消費者が共感できる「コト」を見つけるためのポイントは「ユーザー目線」です。モノづくりの仕事をしている人も、会社を出れば一人の消費者であり、ユーザーです。たくさんのモノのなかから欲しいものを選んで買っていますよね。共感できる「コト」を見つけるには、その視点でモノを使う場面を考えてみるのです。
たとえば、帰りにコンビニでお酒を買うとき、欲しいのはアルコールでしょうか? 欲しいのはリラックスした気分だったり、誰かと乾杯するコトだったりしませんか?
そんなふうにモノが使われる場面をイメージして、どんなモノがあったら、もっとうれしいかを考えてみましょう。メーカーでずっと同じモノをつくっていると忘れてしまいがちですが、ユーザーの立場に立ってみると思い出せるニーズがたくさんあると思います。

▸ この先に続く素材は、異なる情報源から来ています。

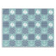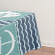 A quilt inspired pattern of stormy turquoise squares, decorated with a white sailboat and anchor, and deep navy blue squares, accented with paler blue chevrons and waves, is accented by white stitching to create a classic nautical feel.

もし、どうしても「モノ」起点で考えるクセが抜けないのであれば、ユーザーの声を拾いにいってみてはいかがでしょうか。実際にユーザーが買ったり、使ったりしている現場に行けなくても、これだけSNSが発達している時代ですから、インターネットのなかからリアルな情報を探すこともできます。自社のネット会員にアンケートをとってみてもいいですし、TwitterやFacebookでトレンドをチェックしてもいいでしょう。直接的な答えは見つからないかもしれませんが、きっとヒントが見つかるはずです。また、消費者や市場の声だけを頼りにするだけでなく、製品・サービスの開発者自信の熱い想い、情熱=高い熱量も、共感を呼ぶ大きな原動力になります。
ここでひとつ、どうやって「コト」を見つけるのかという事例をご紹介します。
MONOCOTOでサポートしたある会社は、カー用品をつくっていました。そこで、カー用品を使う、車いじりの場面について考えてみました。すると、昔と変わりいまの時代においてはユーザーが思うようにクルマいじりのスペースがとれなかったり、家族に気兼ねしながら作業していることに気付きました。
ここで、ユーザーの気持ちになってみると、どんなモノが欲しいでしょう? スペースが狭くても快適に作業できるモノがあったらいいなと思いませんか。あるいは「パパが車をいじったら車内が楽しくなった!」と見直されるようなモノもありですよね。肩身の狭い思いをしているユーザーはそれがあれば、今後は胸をはって作業できるでしょう。単なる1人称の「クルマいじり」ではなく、仲間で楽しむクルマいじりの空間づくり、家族や友人と共にする「クルマ」を起点とした楽しい体験や時間づくり。モノから始まる新しい時間、体験、インパクトこそ、ヒトが古来より本質的に「いいな」と感じるコトなのではないでしょうか。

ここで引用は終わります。